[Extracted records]

########################################

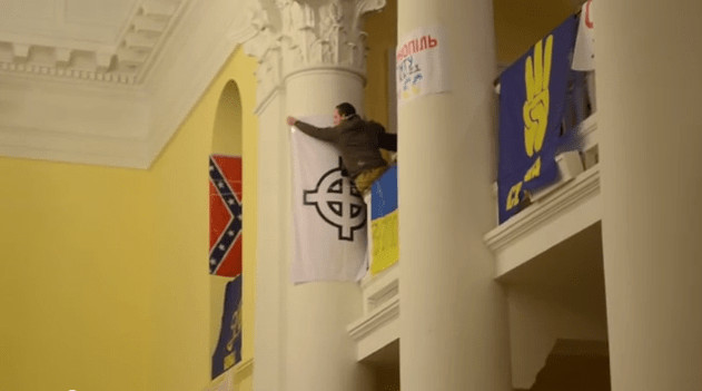 In the midst of the coup attempt, a group of neo-Nazi thugs belonging to the C14 organization occupied Kiev's city council and vandalized the building with Ukrainian nationalist insignia and white supremacist symbols, including a Confederate flag. When riot police chased the fascist hooligans away on February 18, 2014, they took shelter in the Canadian embassy with the apparent consent of the Conservative administration in Ottawa. "Canada was sympathizing with the protesters, at the time, more than the [Ukrainian] government," a Ukrainian interior ministry official recalled to the Canadian Broadcasting Corporation.
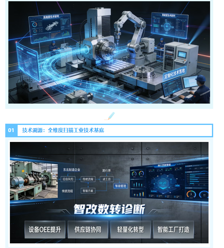 东北制造的数智化升级,核心是工业技术与数字技术的深度融合、双向赋能。高规格的智改数转诊断,以技术为核心抓手,从溯源、适配、攻坚到迭代,为东北制造企业的数智化转型提供全维度的技术支撑,让老工业基地在数智化浪潮中,以硬核技术实力筑牢发展根基,推动东北制造向更高水平的智能制造进阶,续写中国工业制造的东北篇章!
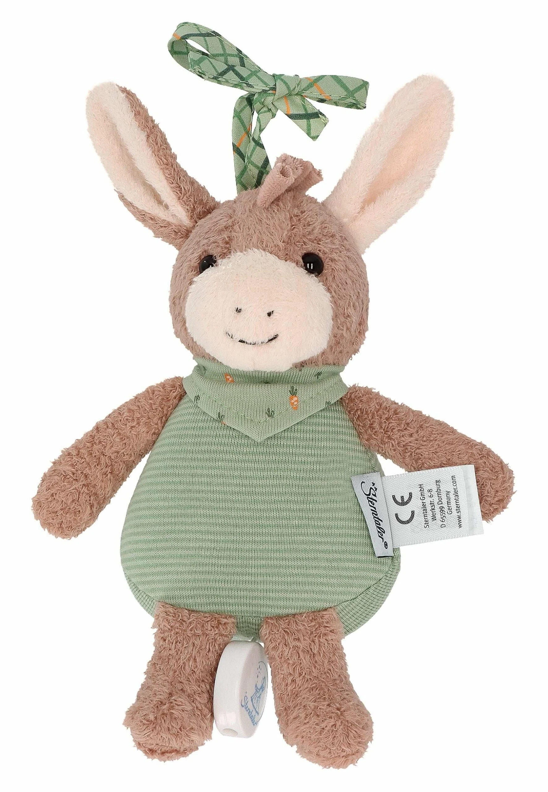 Der süße kleine Esel Emmilius aus Flauschstoff und Jersey mit Spieluhr singt das Baby in den Schlaf. Bindebänder sorgen für eine einfache Befestigung an Bettchen, Kinderwagen oder im Auto. Melodie: The Sound of Silence
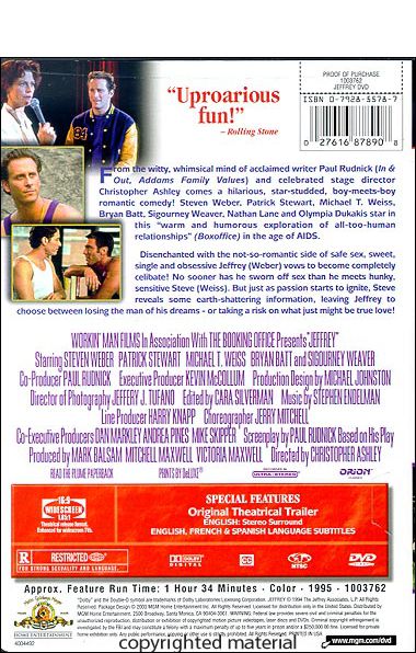 This film is very much of the middle phase of the AIDS plague, where treatments (such as AZT) were able to prolongue lives, but were rarely effective long term -- Jeffrey's dilemma was to be found among many gay men -- Unfortunately it was manifest in many gay men (as well as the general public) as a HIV/AIDS-phobia, not only in the sense of a fear of the disease, but in a hatred of gays with AIDS/HIV (PWAs) by gays themselves -- Jeffrey was originally written as a play, and its stage genesis comes through in the cinematic production --The movie has its high points, but never fully seems to quite make a convincing whole -- It is mostly well acted -- In spite of its weaknesses, it is a "must see".
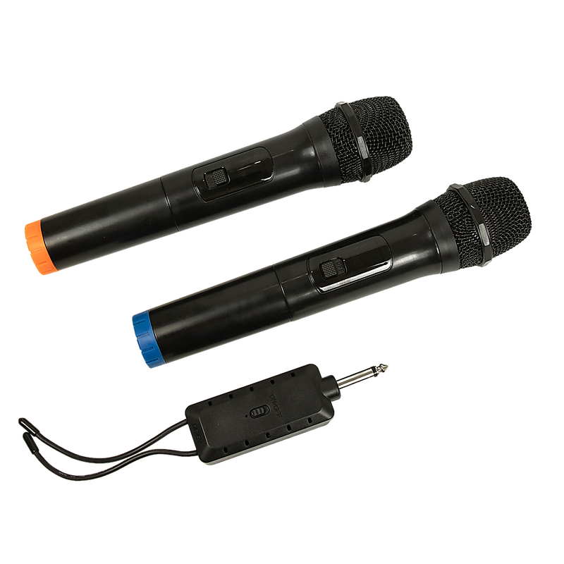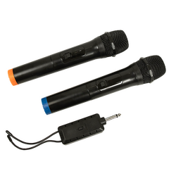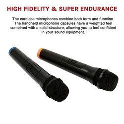 The cordless microphones combine both form and function. The handheld microphone capsules have a weighted feel combined with a solid structure, allowing you to feel confident in your sound equipment. With a 50m long-distance transmission, you don't have to worry about limiting your movement once plugged into your mixer, portable speaker or projector.
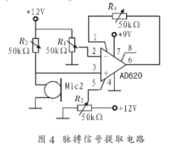 该电路由话筒及仪表放大器AD620组成。话筒将脉搏信号转换为电信号,仪表放大器AD620采用单电源供电,电位器R3用于调节2引脚的直流偏置,使其与3引脚的输入信号中的直流偏置相同,从而实现差分放大。其参考端5引脚通过电位器R4加上直流偏置,可以根据需要对输入信号在较大范围内进行放大。
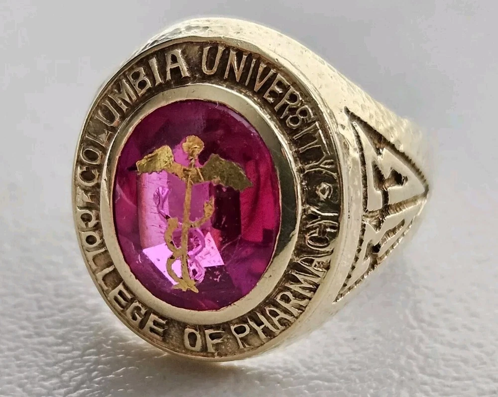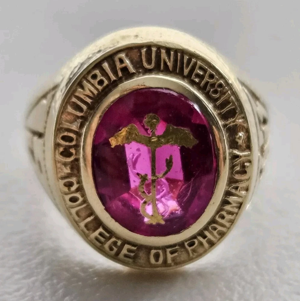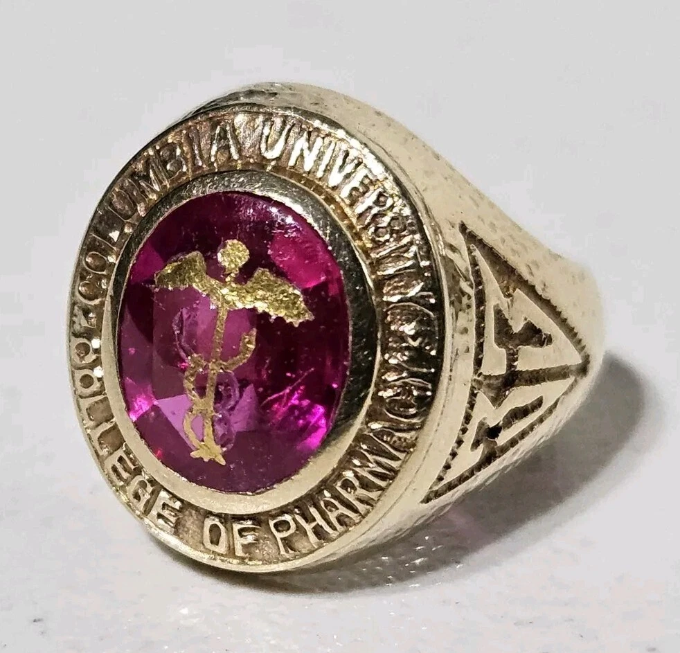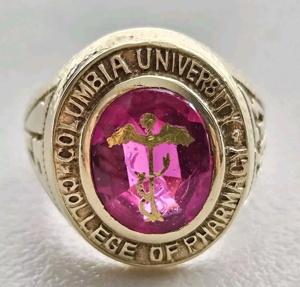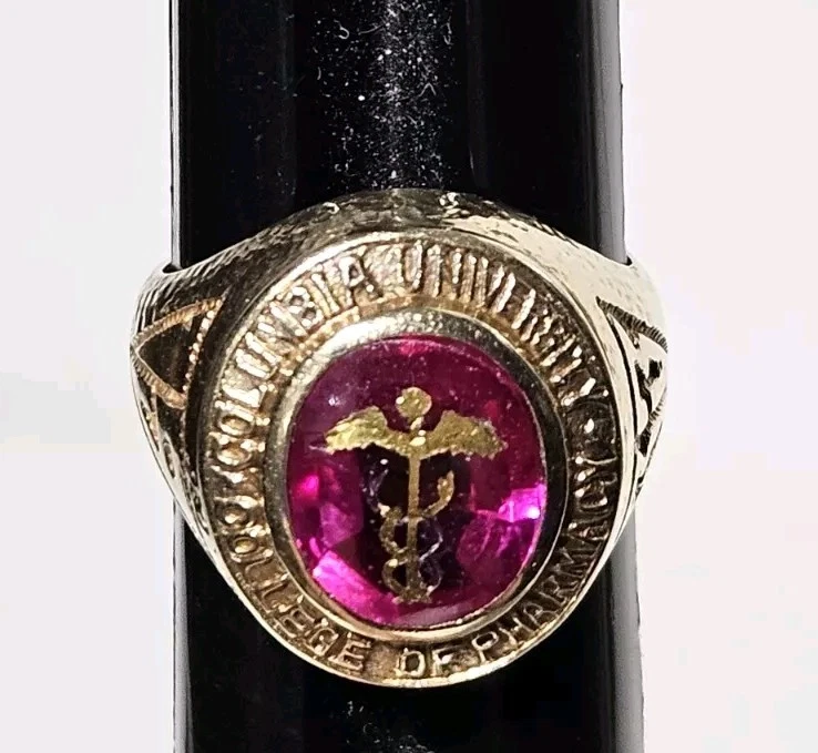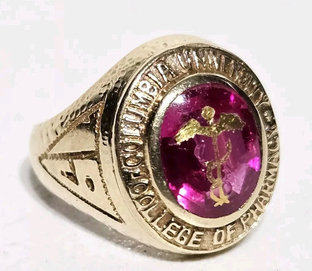 Up for sale is an Antique 14K Yellow Gold 1933 Columbia University College Of Pharmacy 3 Carat Ruby With Caduceus Class Ring. Approximately a size 5.5. Total weight is 8.7 Grams. Ruby measures 8mm Wide X 10mm High (Approximately 3 carats). Ruby is reverse faceted with smooth top. Ring is in good condition with light wear. Gold leaf is worn in 2 areas on ruby and ruby has a few small scratches (last pictures). Please feel free to ask questions. Thank you. From a smoke and pet free environment E-239

########################################

What you have to do: When you repeat the lines above, keep them exact and leave out each image they contain.

Worked solution:
 In the midst of the coup attempt, a group of neo-Nazi thugs belonging to the C14 organization occupied Kiev's city council and vandalized the building with Ukrainian nationalist insignia and white supremacist symbols, including a Confederate flag. When riot police chased the fascist hooligans away on February 18, 2014, they took shelter in the Canadian embassy with the apparent consent of the Conservative administration in Ottawa. "Canada was sympathizing with the protesters, at the time, more than the [Ukrainian] government," a Ukrainian interior ministry official recalled to the Canadian Broadcasting Corporation.
 东北制造的数智化升级,核心是工业技术与数字技术的深度融合、双向赋能。高规格的智改数转诊断,以技术为核心抓手,从溯源、适配、攻坚到迭代,为东北制造企业的数智化转型提供全维度的技术支撑,让老工业基地在数智化浪潮中,以硬核技术实力筑牢发展根基,推动东北制造向更高水平的智能制造进阶,续写中国工业制造的东北篇章!
 Der süße kleine Esel Emmilius aus Flauschstoff und Jersey mit Spieluhr singt das Baby in den Schlaf. Bindebänder sorgen für eine einfache Befestigung an Bettchen, Kinderwagen oder im Auto. Melodie: The Sound of Silence
 This film is very much of the middle phase of the AIDS plague, where treatments (such as AZT) were able to prolongue lives, but were rarely effective long term -- Jeffrey's dilemma was to be found among many gay men -- Unfortunately it was manifest in many gay men (as well as the general public) as a HIV/AIDS-phobia, not only in the sense of a fear of the disease, but in a hatred of gays with AIDS/HIV (PWAs) by gays themselves -- Jeffrey was originally written as a play, and its stage genesis comes through in the cinematic production --The movie has its high points, but never fully seems to quite make a convincing whole -- It is mostly well acted -- In spite of its weaknesses, it is a "must see".
 The cordless microphones combine both form and function. The handheld microphone capsules have a weighted feel combined with a solid structure, allowing you to feel confident in your sound equipment. With a 50m long-distance transmission, you don't have to worry about limiting your movement once plugged into your mixer, portable speaker or projector.
 该电路由话筒及仪表放大器AD620组成。话筒将脉搏信号转换为电信号,仪表放大器AD620采用单电源供电,电位器R3用于调节2引脚的直流偏置,使其与3引脚的输入信号中的直流偏置相同,从而实现差分放大。其参考端5引脚通过电位器R4加上直流偏置,可以根据需要对输入信号在较大范围内进行放大。
 Up for sale is an Antique 14K Yellow Gold 1933 Columbia University College Of Pharmacy 3 Carat Ruby With Caduceus Class Ring. Approximately a size 5.5. Total weight is 8.7 Grams. Ruby measures 8mm Wide X 10mm High (Approximately 3 carats). Ruby is reverse faceted with smooth top. Ring is in good condition with light wear. Gold leaf is worn in 2 areas on ruby and ruby has a few small scratches (last pictures). Please feel free to ask questions. Thank you. From a smoke and pet free environment E-239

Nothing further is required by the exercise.